Items from a data source
● ● ●

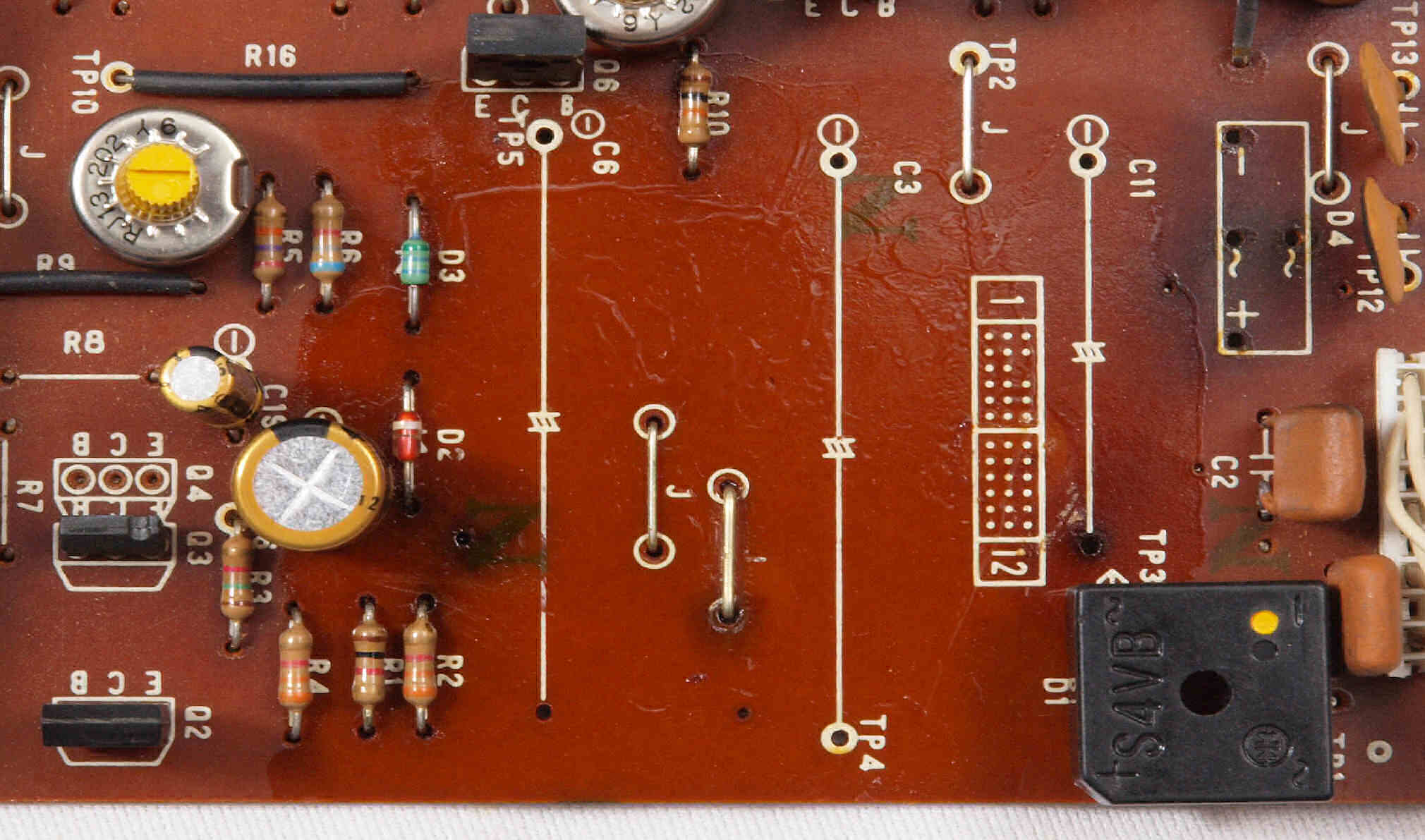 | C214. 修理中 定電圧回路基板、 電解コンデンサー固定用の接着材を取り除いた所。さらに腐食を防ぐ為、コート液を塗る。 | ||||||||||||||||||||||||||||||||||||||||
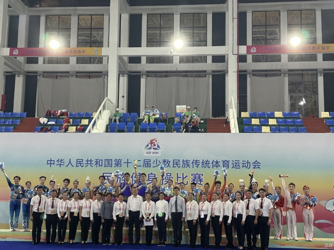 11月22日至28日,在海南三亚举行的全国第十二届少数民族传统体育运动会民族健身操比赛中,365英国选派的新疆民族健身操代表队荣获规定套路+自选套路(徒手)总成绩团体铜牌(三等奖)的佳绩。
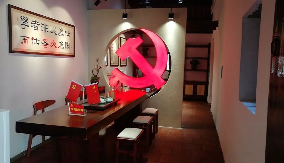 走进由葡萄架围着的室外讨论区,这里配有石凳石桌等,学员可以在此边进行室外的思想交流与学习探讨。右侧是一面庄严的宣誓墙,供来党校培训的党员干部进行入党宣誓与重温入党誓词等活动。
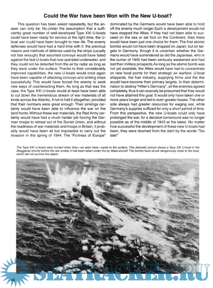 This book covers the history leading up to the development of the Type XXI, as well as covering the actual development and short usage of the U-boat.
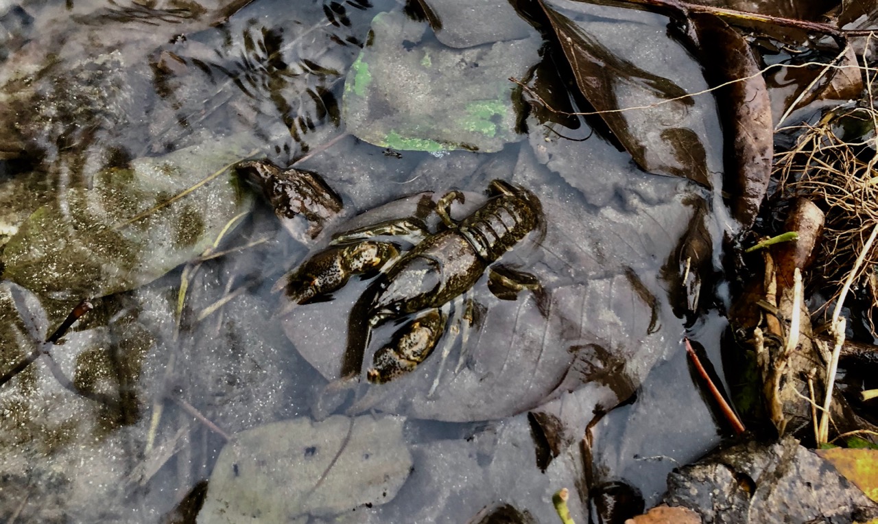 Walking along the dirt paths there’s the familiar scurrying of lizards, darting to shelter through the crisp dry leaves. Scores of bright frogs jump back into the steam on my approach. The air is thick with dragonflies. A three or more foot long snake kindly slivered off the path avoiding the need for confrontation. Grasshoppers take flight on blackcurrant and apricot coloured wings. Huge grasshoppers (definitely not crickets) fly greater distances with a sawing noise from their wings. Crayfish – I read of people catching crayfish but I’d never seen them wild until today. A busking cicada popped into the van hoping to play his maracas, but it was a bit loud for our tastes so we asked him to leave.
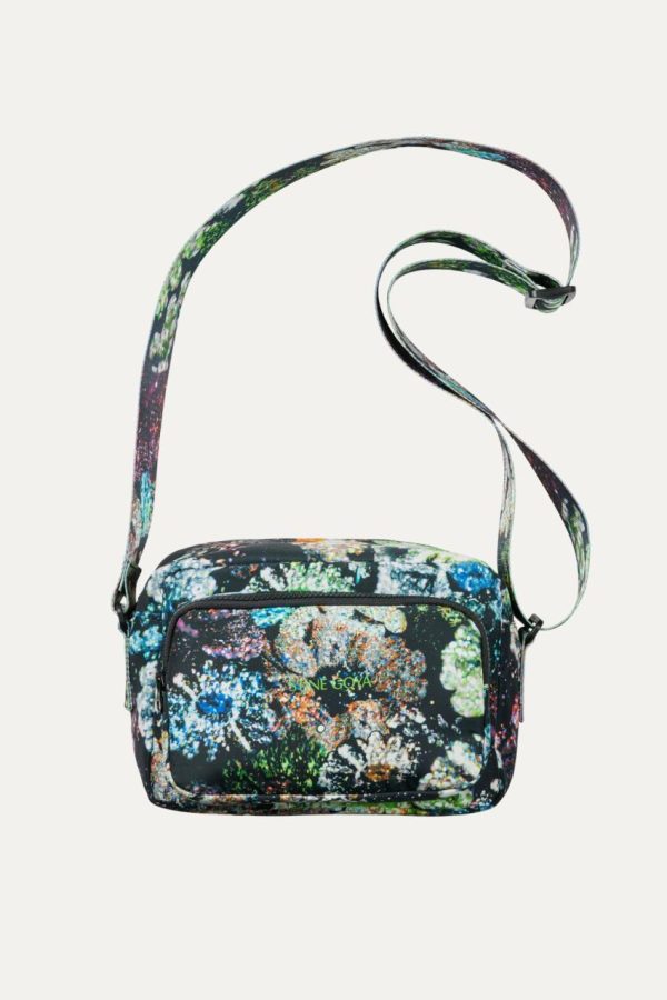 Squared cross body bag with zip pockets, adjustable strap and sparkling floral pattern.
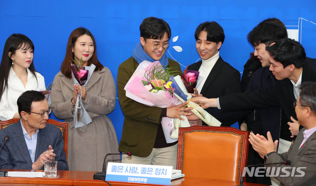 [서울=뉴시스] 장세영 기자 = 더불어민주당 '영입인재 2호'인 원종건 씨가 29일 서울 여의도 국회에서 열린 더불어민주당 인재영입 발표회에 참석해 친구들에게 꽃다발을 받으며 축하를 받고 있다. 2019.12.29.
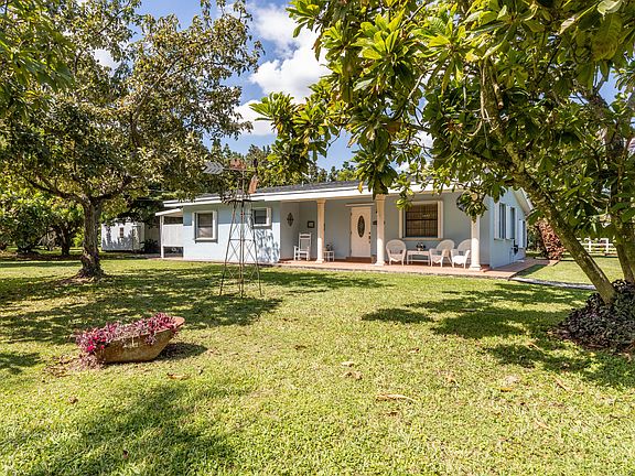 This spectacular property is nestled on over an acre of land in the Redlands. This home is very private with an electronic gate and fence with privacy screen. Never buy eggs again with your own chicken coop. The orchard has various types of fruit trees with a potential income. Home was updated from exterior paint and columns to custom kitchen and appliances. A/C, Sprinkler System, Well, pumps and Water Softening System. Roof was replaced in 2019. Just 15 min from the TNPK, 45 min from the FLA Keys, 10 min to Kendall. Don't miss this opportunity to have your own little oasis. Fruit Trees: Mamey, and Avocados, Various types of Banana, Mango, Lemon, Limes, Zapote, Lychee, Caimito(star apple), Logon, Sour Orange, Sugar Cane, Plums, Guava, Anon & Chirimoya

● ● ●

> **Directions for this task**
Taking the entries above, copy word for word the lines from the one with "11月22日至28日,在海南" up to and including the one with "[서울=뉴시스] 장세영 기자", without any picture.

> **Problem solution**
 11月22日至28日,在海南三亚举行的全国第十二届少数民族传统体育运动会民族健身操比赛中,365英国选派的新疆民族健身操代表队荣获规定套路+自选套路(徒手)总成绩团体铜牌(三等奖)的佳绩。
 走进由葡萄架围着的室外讨论区,这里配有石凳石桌等,学员可以在此边进行室外的思想交流与学习探讨。右侧是一面庄严的宣誓墙,供来党校培训的党员干部进行入党宣誓与重温入党誓词等活动。
 This book covers the history leading up to the development of the Type XXI, as well as covering the actual development and short usage of the U-boat.
 Walking along the dirt paths there’s the familiar scurrying of lizards, darting to shelter through the crisp dry leaves. Scores of bright frogs jump back into the steam on my approach. The air is thick with dragonflies. A three or more foot long snake kindly slivered off the path avoiding the need for confrontation. Grasshoppers take flight on blackcurrant and apricot coloured wings. Huge grasshoppers (definitely not crickets) fly greater distances with a sawing noise from their wings. Crayfish – I read of people catching crayfish but I’d never seen them wild until today. A busking cicada popped into the van hoping to play his maracas, but it was a bit loud for our tastes so we asked him to leave.
 Squared cross body bag with zip pockets, adjustable strap and sparkling floral pattern.
 [서울=뉴시스] 장세영 기자 = 더불어민주당 '영입인재 2호'인 원종건 씨가 29일 서울 여의도 국회에서 열린 더불어민주당 인재영입 발표회에 참석해 친구들에게 꽃다발을 받으며 축하를 받고 있다. 2019.12.29.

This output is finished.